ショートソードを地面に刺し、全身で息をしているようなリィズさんは、完全に座り込んでいた。

「伊達に上位冒険者チームを名乗っていないってことさ」

ロンドさんも座り込む様で、周りを見ると全員が座り込んでいた。

神の目を使い、魔獣たちが潜んでいないか確認し、安全だと分かった瞬間、僕も膝から崩れて座り込んだ。

しばらく誰も話せず、荒い呼吸ばかりであったが、徐々に呼吸を整えたのか、静まりかえってきた。

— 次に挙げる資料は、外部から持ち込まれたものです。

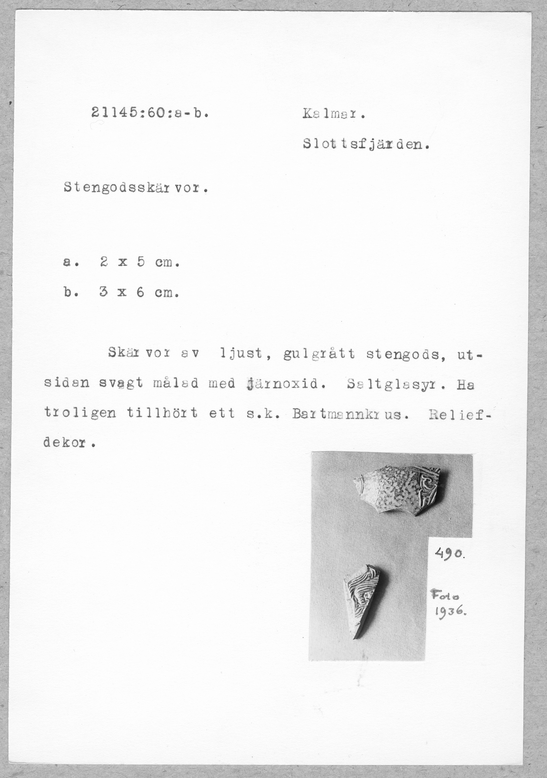 21145:60:a-b. Kalmar. Slottsfjärden. Stengodsskärvor
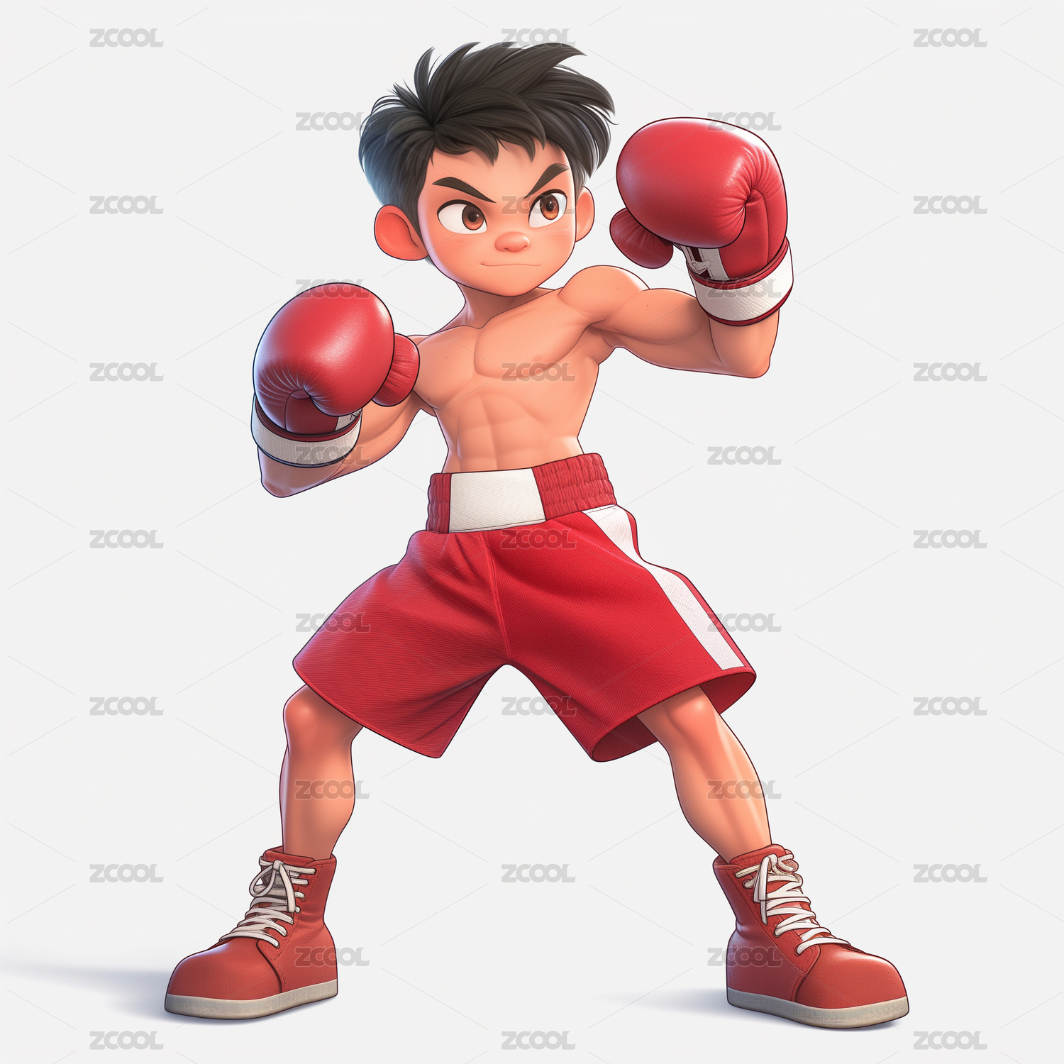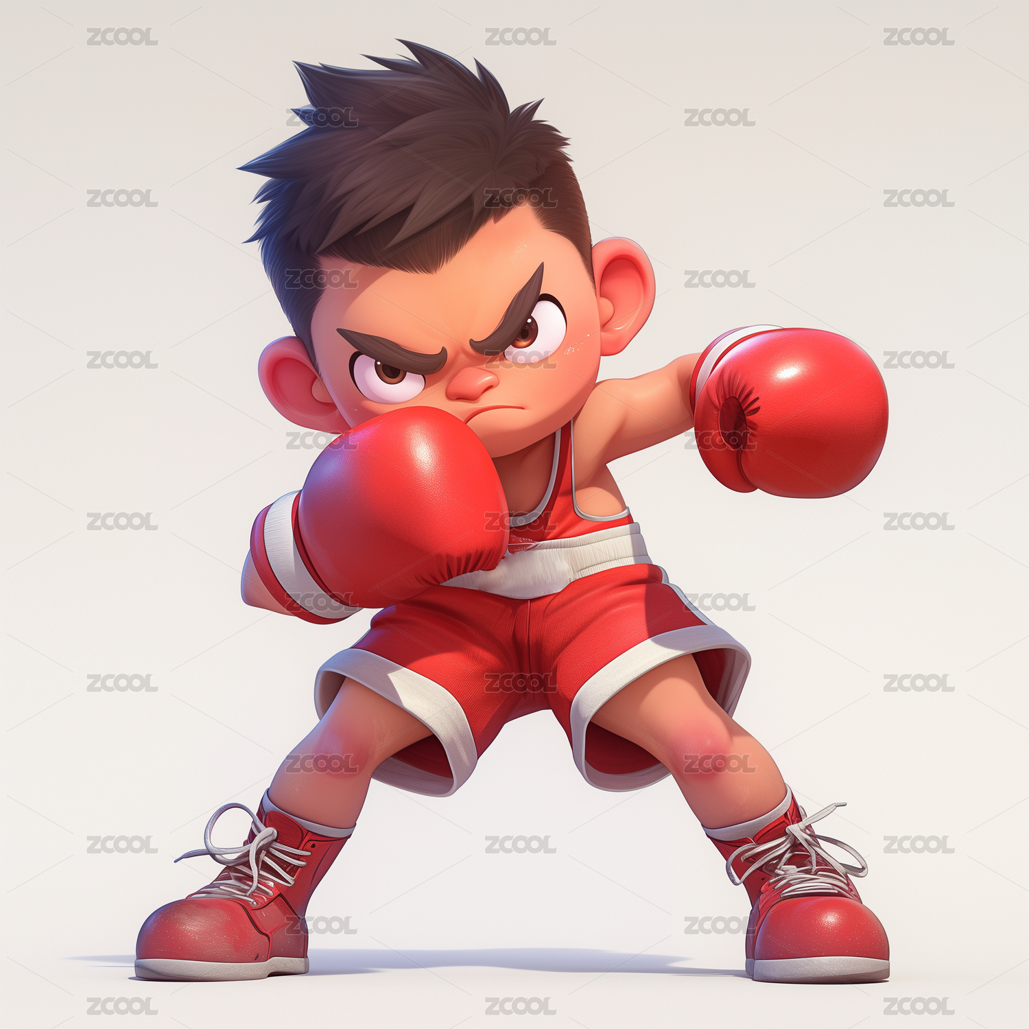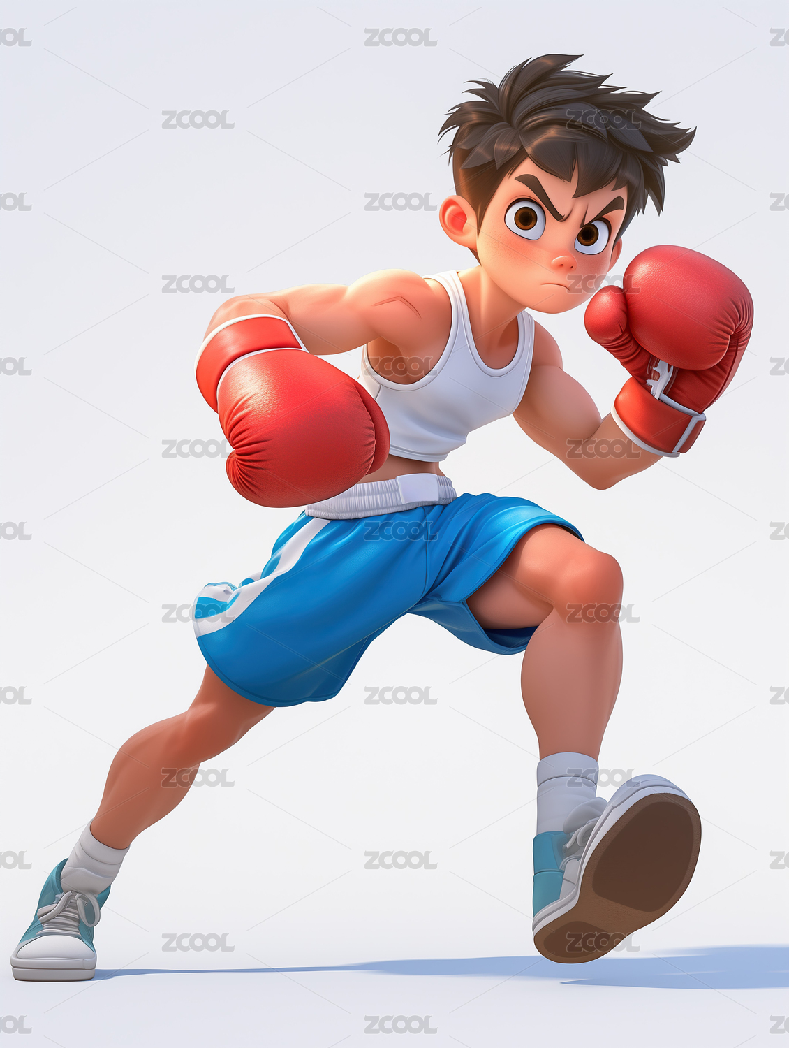 3D卡通打拳击的男孩
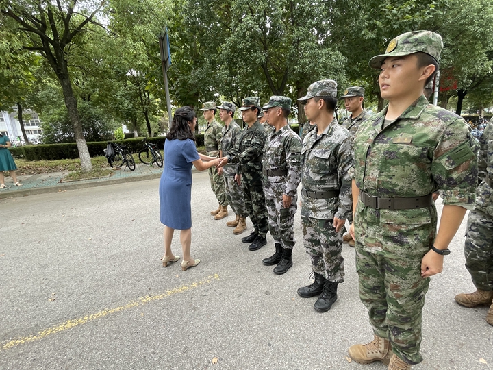 李娟代表学院向承训教官表达最真挚的问候,并对承训教官的辛勤付出致以诚挚的感谢。她在讲话中强调,军训是开启大学生活的“开学第一课”,更是一次重要的思政教育,有利于增强新生的国防意识、团结意识和纪律意识。希望承训教官继续严格施训、科学施训、安全施训,培养学生不怕苦不怕累的精神,认真上好这堂爱国主义教育,通过军训磨炼意志、增强体魄;同时也叮嘱各位承训教官要积极引导学生,把在军训期间养成的良好品德和优良作风内化于心、外化于行,以更饱满的精神面貌投入今后的学习和生活,努力学习专业知识,坚持体育锻炼,成长为可堪大用的新时代好青年。
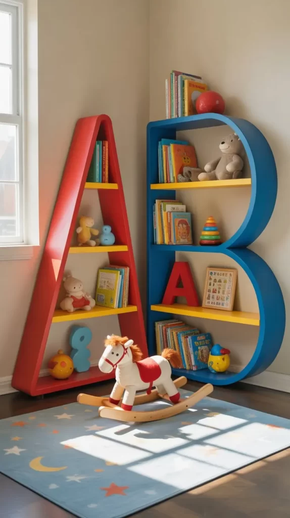 Letter-shaped corner shelves are both decorative and educational. Spell your child’s name or fun words, and use the shelves to store books, toys, or crafts. This design encourages learning while adding a colorful, customized look. Bright primary colors make the corner visually exciting.
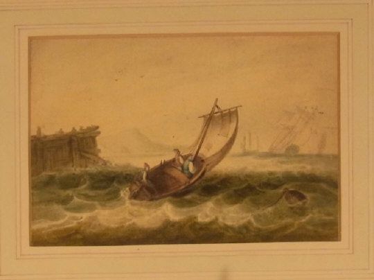 Fisher folk embarking from a jetty in a choppy sea, a man-o'-war in the distance
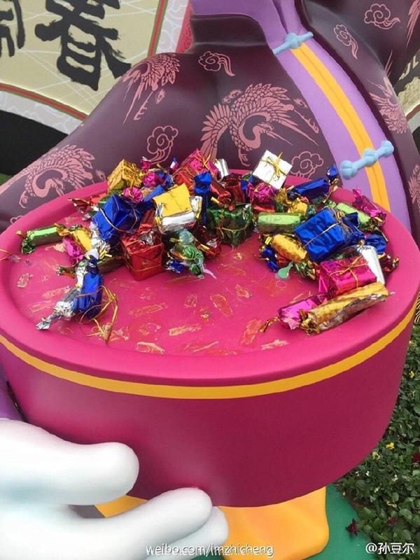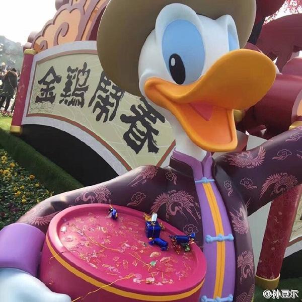 近日,微博網(wǎng)友 @孫豆?fàn)柋,由于春?jié)將至,上海迪士尼在城堡前弄了一個“金雞鬧春”的景觀供游人互動拍照。本來是挺好的一件事,偏偏有人把唐老鴨手上的糖果弄下來拿走了!
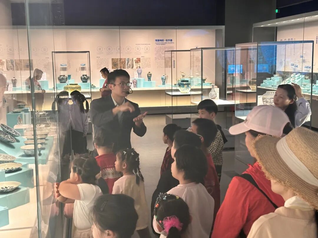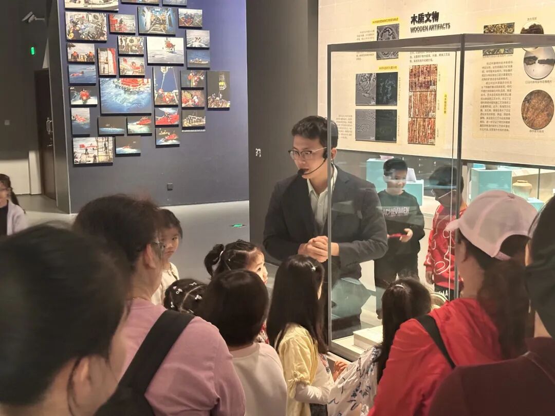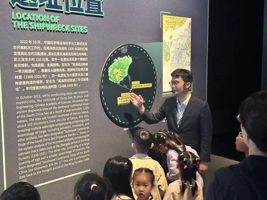 随后在“深蓝宝藏——南海西北陆坡一二号沉船考古成果特展”中,观众们找到了其他绘有狮纹的文物,在讲解员的解读下,深刻了解其中的吉祥寓意。
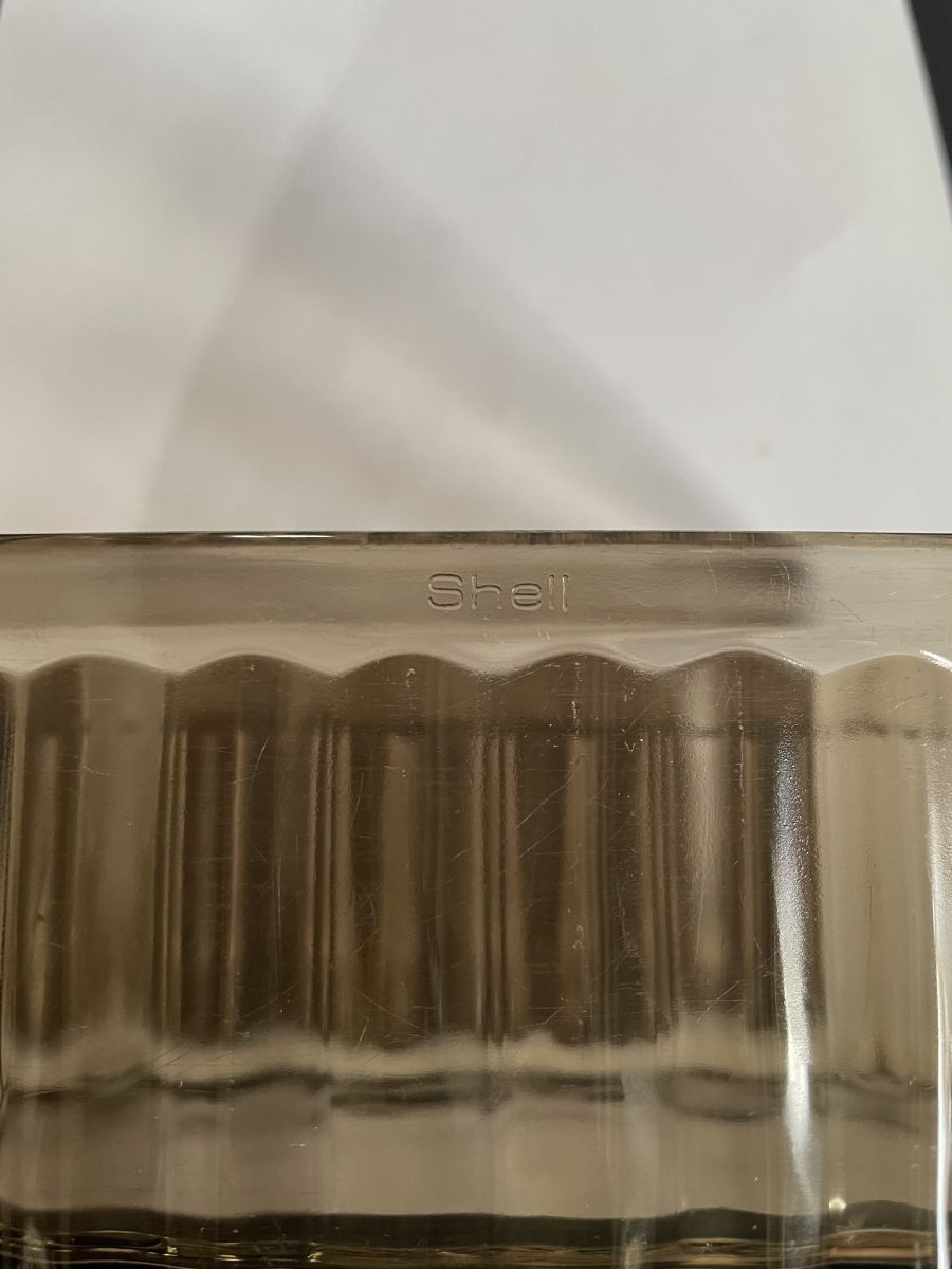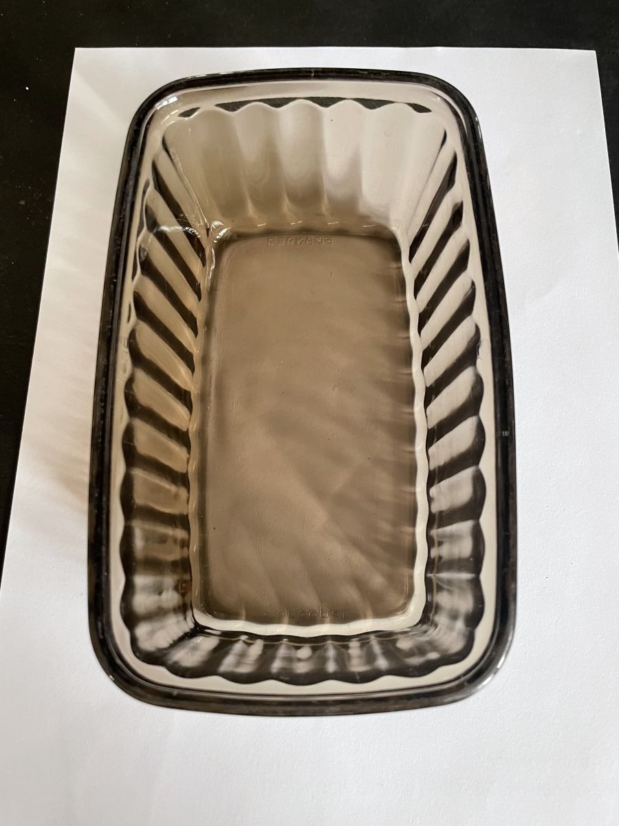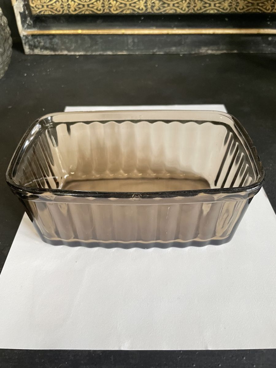 Grand ramequin rectangulaire en verre marron fumé Arcopal pour Shell.Bon état ; Rayures d'usage.
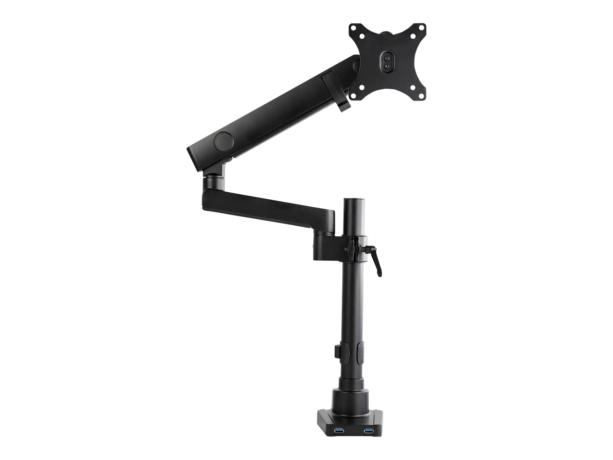 StarTech.com ARMPIVOT2USB3 Monitorhalterung (Gelenkarm, 34-Zoll-VESA-Monitor, Premium 2x USB 3.0-Hub mit Kabelmanagement) - Befestigungskit (Gelenkarm, Spannbefestigung für Tisch, Kabeldurchführungsklemme) - für Monitor - robustes Aluminium - Schwarz - Bildschirmgröße: 43.2-86.4 cm (17"-34") - Tischmontage

僕は仰向けになっていて、空を見るとまだ夜明け前であった。

少し回復したようだが、皆座り込んだままか、寝転がったまま考えていたが、多分、1番元気な僕が皆を小屋まで連れて行くべきだなとあたふたしている間に、師匠が近づいていた。

「お疲れさんだな。アレン」

師匠にしては軽い挨拶だな、一仕事終えたからかな。

「シファさん、悪魔5人相手に勝つとは流石ですね」

「いや、悪魔そのものには逃げられたよ。下位の悪魔だけさ。そんな事よりも、とりあえずは小屋に戻って休もう、折角勝ったのに風邪を引きたくもないだろう?さぁ」

師匠がアレンさんに手を差し伸べる。

アレンさんが手を取り、起ち上がる。

皆、ヨロヨロと起ち上がると、誰ともなく勝ち鬨を発した。

何となく皆を見回すと、お互い見ているようで、ひとしきり笑いあい、そうして、フラつきながらも小屋に帰り、それぞれの部屋に戻ってひたすら眠った。